▶ [Exercise]:
Could every line of the listing be output exactly, with the pictures skipped?

┄┄┄┄┄┄

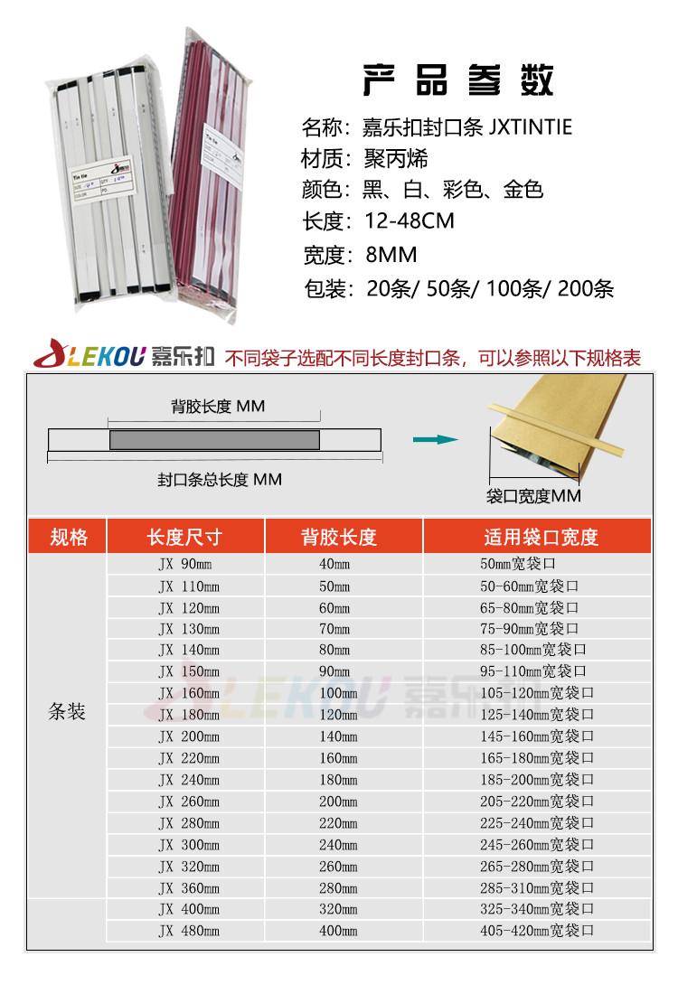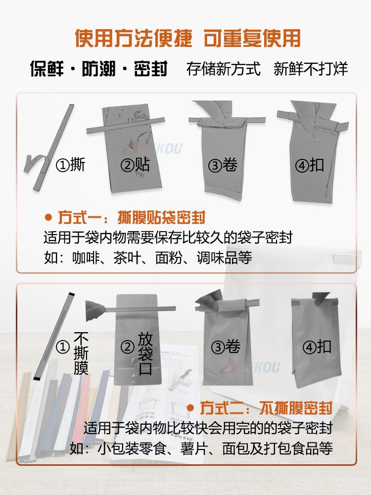 200条包邮JX香槟金色袋子封口条咖啡茶叶面包土司食品密封封口夹
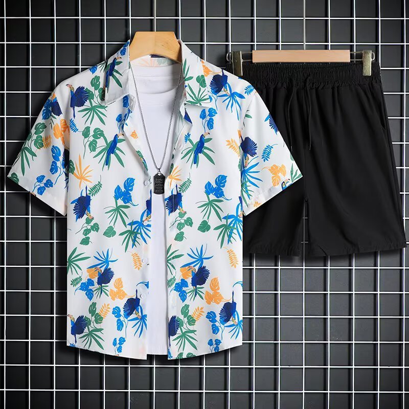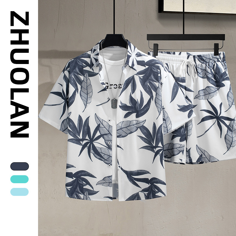 カジュアルアロハシャツショートパンツ夏のトレンドルーズ半袖日本製ストリートビーチカップルビーチスーツ男性用
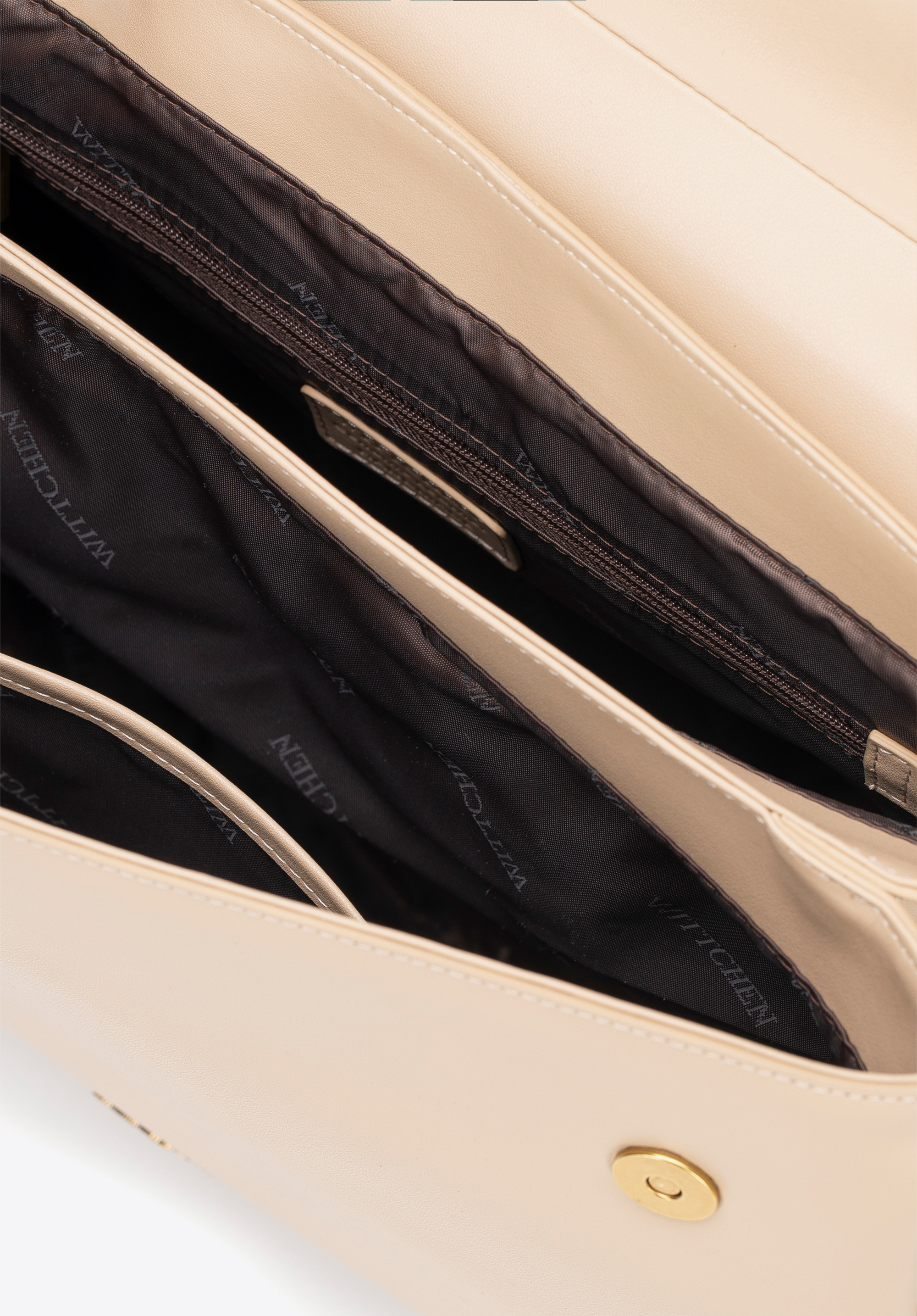 - Przemyślane wnętrze: Dwukomorowa konstrukcja oferuje dwie kieszenie, w tym jedną na zamek, co pozwala utrzymać porządek i mieć szybki dostęp do najważniejszych drobiazgów.
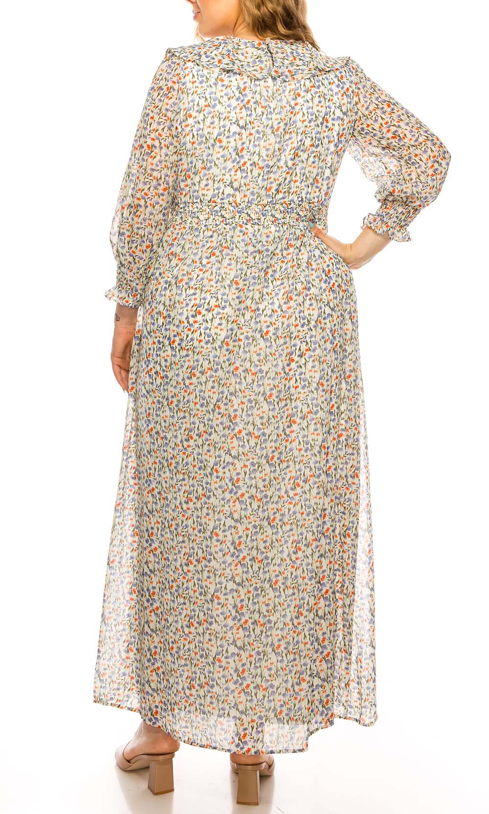 Make yourself into a vision of loveliness in this Shelby & Palmer M564 dress. This full length dress fashions a V-neckline supported by long sleeves in a floral printed bodice. Revealing an A-line silhouette, this also displays a full back to complete the look. Proceed in confidence with as you exude your charm in this Shelby & Palmer creation. Model is wearing Ivory Blue Coral color.
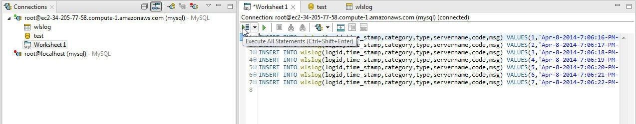 Next, we shall add data to the wlslog table. Table data may be added by running a SQL Script with DML statements as shown in Figure 27.
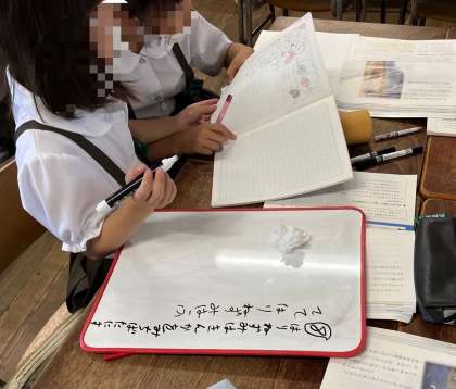 3年生は、国語でグループ学習を進めています。グループでいろいろ話し合いながら、段落の内容をまとめていました。
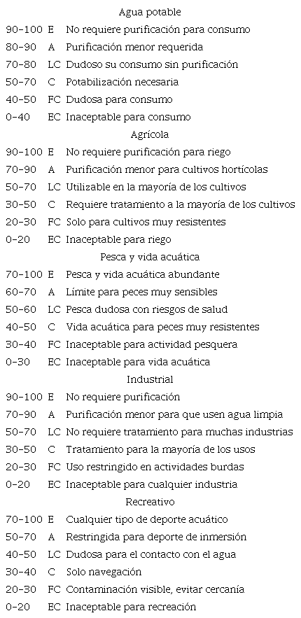 Esta metodología fue desarrollada por la Fundación Nacional de Saneamiento (NSF-National Sanitation Foundation) en Estados Unidos (Brown et al. 1970) y mejorada por Deininger para la Academia Nacional de Ciencias de Estados Unidos (NAS 1975).
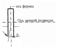где Аф - характерная площадь фермы, равная сумме характерных площадей отсеков, м2; Сz = 0,3Cx; Ppi - ветровая нагрузка на i - провод, Н, определяемая по указаниям пп 2.13 - 2.18; n - число проводов. Ветровая нагрузка на ферму ригеля поперечины в направлении, перпендикулярном оси пути, может быть принята равной 30 % от ветровой нагрузки на ферму вдоль оси пути. Наибольшая величина суммарной ветровой нагрузка имеет место при угле скольжения β1 = 15° (рис. 2.6). В последней формуле аэродинамический коэффициент лобового сопротивления несущих тросов (контактных проводов) при угле скольжения β1 = 15° определяют по формуле: Cxi = Cx1 cos2β1 = Cxl
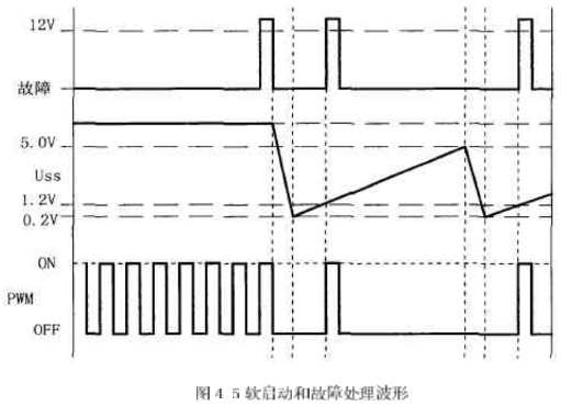 在軟發動期問,假如故障鎖存器置位,輸出會立即間斷??墒擒洶l動腳外接電容在足夠電之前不會放電。這樣,在故障接連呈現的狀況下,輸出就會呈現一個間斷期。
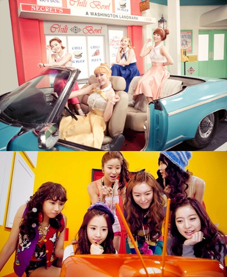1월 활동하는 걸그룹 대표주자 시크릿과 달샤벳은 농염한 섹시함으로 큰 인기를 모은 지난해 걸그룹 전략을 과감히 배제하고, 귀엽고 앙증맞은 콘셉트를 꺼내들었다.
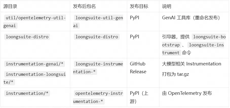 LoongSuite Python 探针是 OpenTelemetry Python Contrib 的 Fork,在保持与上游兼容的前提下,扩展了对 GenAI 框架的可观测性支持,并更敏捷地响应国内生态需求。
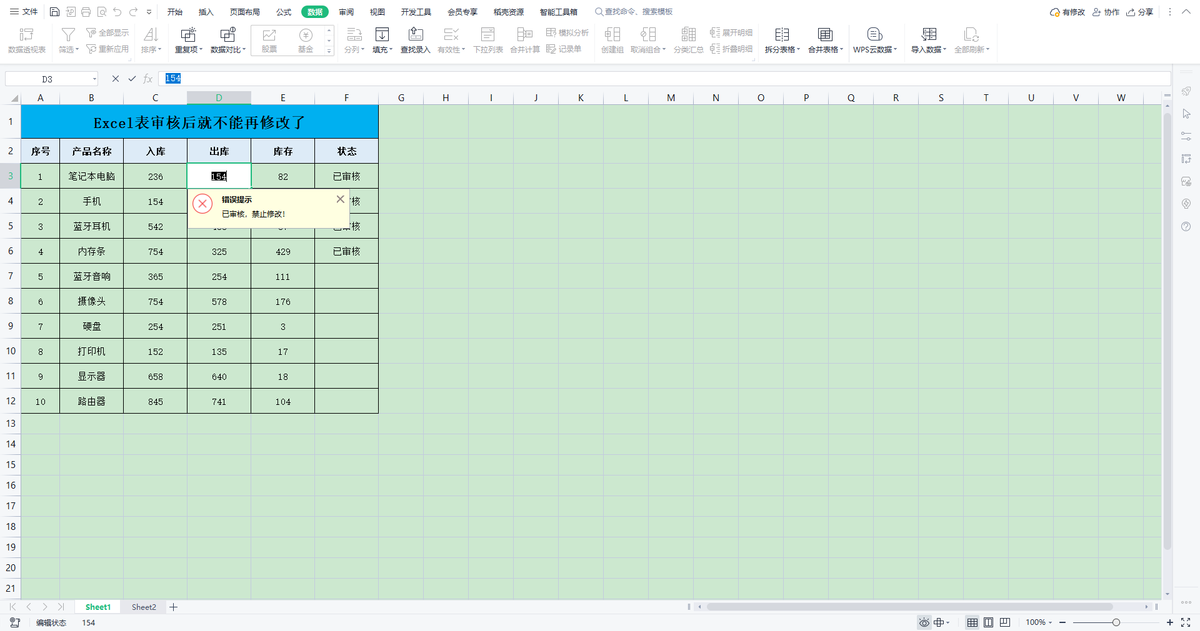 7、我们在状态列任意设置一行数据为“已审核”,可以看到再去修改数据,就会显示“已审核,禁止修改”的提示了;
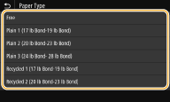 If you frequently need to change the paper to be loaded, set to <Free>; this will reduce the number of steps required to change the setting each time. However, take note that this setting lets the machine perform printing even if there is mismatch between the paper type setting in the printer driver and the paper type actually loaded in the machine.
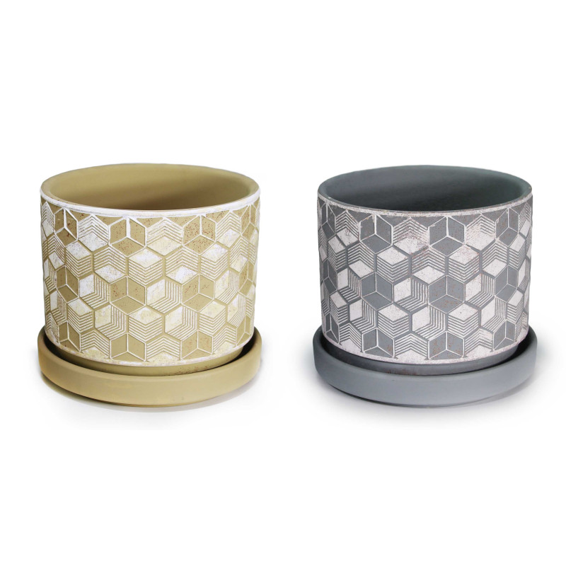 Γλάστρα κεραμική με πιάτο σχέδιο ρόμβος σετ 3 τμχ
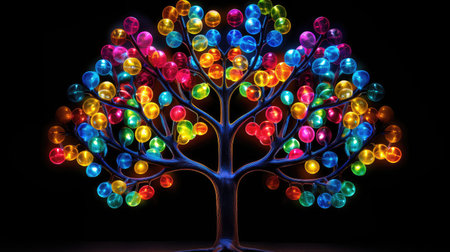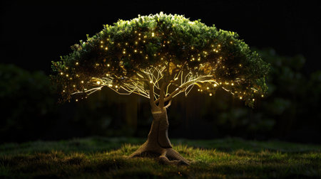Glowing tree with luminous branches and vibrant foliage stands majestically dark setting, creating magical atmosphere. natural beauty of tree is enhanced by soft illumination, evoking sense
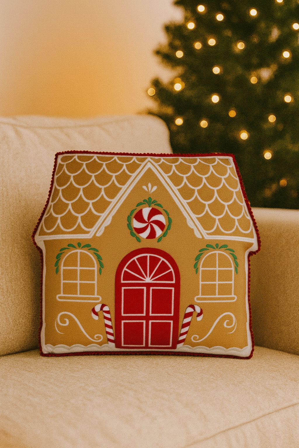 Vianočný vankúš, dekorovaný, domček, perníkový.
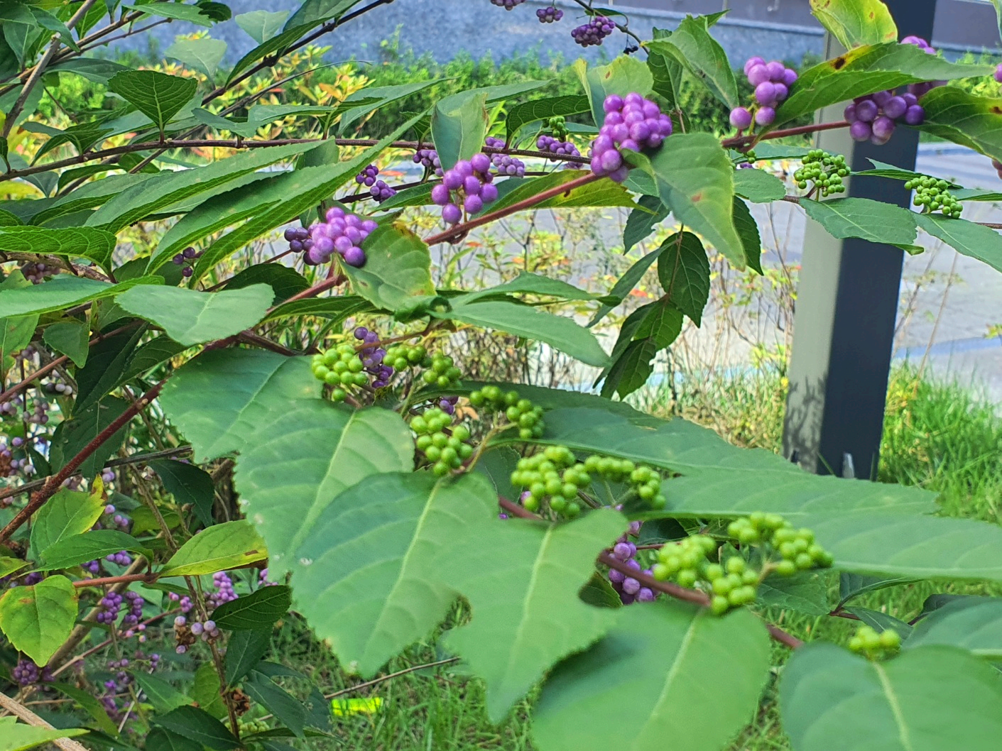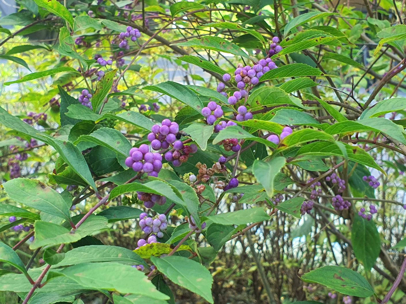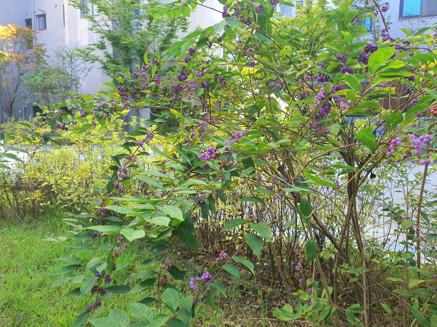사진에서 보듯이 초록색의 열매들이 옹기종기 붙어 가을이 되면 보라색으로 변해 갑니다. 모르고 지나치다 보라색으로 물들면 비로서 사람들의 관심을 받게 됩니다. 간혹 우윳빛 하얀 열매가 열리는 나무도 있는데 이것은 흰 좀 작살나무입니다.

┄┄┄┄┄┄

▶ [Result of the exercise]:
 200条包邮JX香槟金色袋子封口条咖啡茶叶面包土司食品密封封口夹
 カジュアルアロハシャツショートパンツ夏のトレンドルーズ半袖日本製ストリートビーチカップルビーチスーツ男性用
 - Przemyślane wnętrze: Dwukomorowa konstrukcja oferuje dwie kieszenie, w tym jedną na zamek, co pozwala utrzymać porządek i mieć szybki dostęp do najważniejszych drobiazgów.
 Make yourself into a vision of loveliness in this Shelby & Palmer M564 dress. This full length dress fashions a V-neckline supported by long sleeves in a floral printed bodice. Revealing an A-line silhouette, this also displays a full back to complete the look. Proceed in confidence with as you exude your charm in this Shelby & Palmer creation. Model is wearing Ivory Blue Coral color.
 Next, we shall add data to the wlslog table. Table data may be added by running a SQL Script with DML statements as shown in Figure 27.
 3年生は、国語でグループ学習を進めています。グループでいろいろ話し合いながら、段落の内容をまとめていました。
 Esta metodología fue desarrollada por la Fundación Nacional de Saneamiento (NSF-National Sanitation Foundation) en Estados Unidos (Brown et al. 1970) y mejorada por Deininger para la Academia Nacional de Ciencias de Estados Unidos (NAS 1975).
где Аф - характерная площадь фермы, равная сумме характерных площадей отсеков, м2; Сz = 0,3Cx; Ppi - ветровая нагрузка на i - провод, Н, определяемая по указаниям пп 2.13 - 2.18; n - число проводов. Ветровая нагрузка на ферму ригеля поперечины в направлении, перпендикулярном оси пути, может быть принята равной 30 % от ветровой нагрузки на ферму вдоль оси пути. Наибольшая величина суммарной ветровой нагрузка имеет место при угле скольжения β1 = 15° (рис. 2.6). В последней формуле аэродинамический коэффициент лобового сопротивления несущих тросов (контактных проводов) при угле скольжения β1 = 15° определяют по формуле: Cxi = Cx1 cos2β1 = Cxl
 在軟發動期問,假如故障鎖存器置位,輸出會立即間斷??墒擒洶l動腳外接電容在足夠電之前不會放電。這樣,在故障接連呈現的狀況下,輸出就會呈現一個間斷期。
1월 활동하는 걸그룹 대표주자 시크릿과 달샤벳은 농염한 섹시함으로 큰 인기를 모은 지난해 걸그룹 전략을 과감히 배제하고, 귀엽고 앙증맞은 콘셉트를 꺼내들었다.
 LoongSuite Python 探针是 OpenTelemetry Python Contrib 的 Fork,在保持与上游兼容的前提下,扩展了对 GenAI 框架的可观测性支持,并更敏捷地响应国内生态需求。
 7、我们在状态列任意设置一行数据为“已审核”,可以看到再去修改数据,就会显示“已审核,禁止修改”的提示了;
 If you frequently need to change the paper to be loaded, set to <Free>; this will reduce the number of steps required to change the setting each time. However, take note that this setting lets the machine perform printing even if there is mismatch between the paper type setting in the printer driver and the paper type actually loaded in the machine.
 Γλάστρα κεραμική με πιάτο σχέδιο ρόμβος σετ 3 τμχ
Glowing tree with luminous branches and vibrant foliage stands majestically dark setting, creating magical atmosphere. natural beauty of tree is enhanced by soft illumination, evoking sense
 Vianočný vankúš, dekorovaný, domček, perníkový.
사진에서 보듯이 초록색의 열매들이 옹기종기 붙어 가을이 되면 보라색으로 변해 갑니다. 모르고 지나치다 보라색으로 물들면 비로서 사람들의 관심을 받게 됩니다. 간혹 우윳빛 하얀 열매가 열리는 나무도 있는데 이것은 흰 좀 작살나무입니다.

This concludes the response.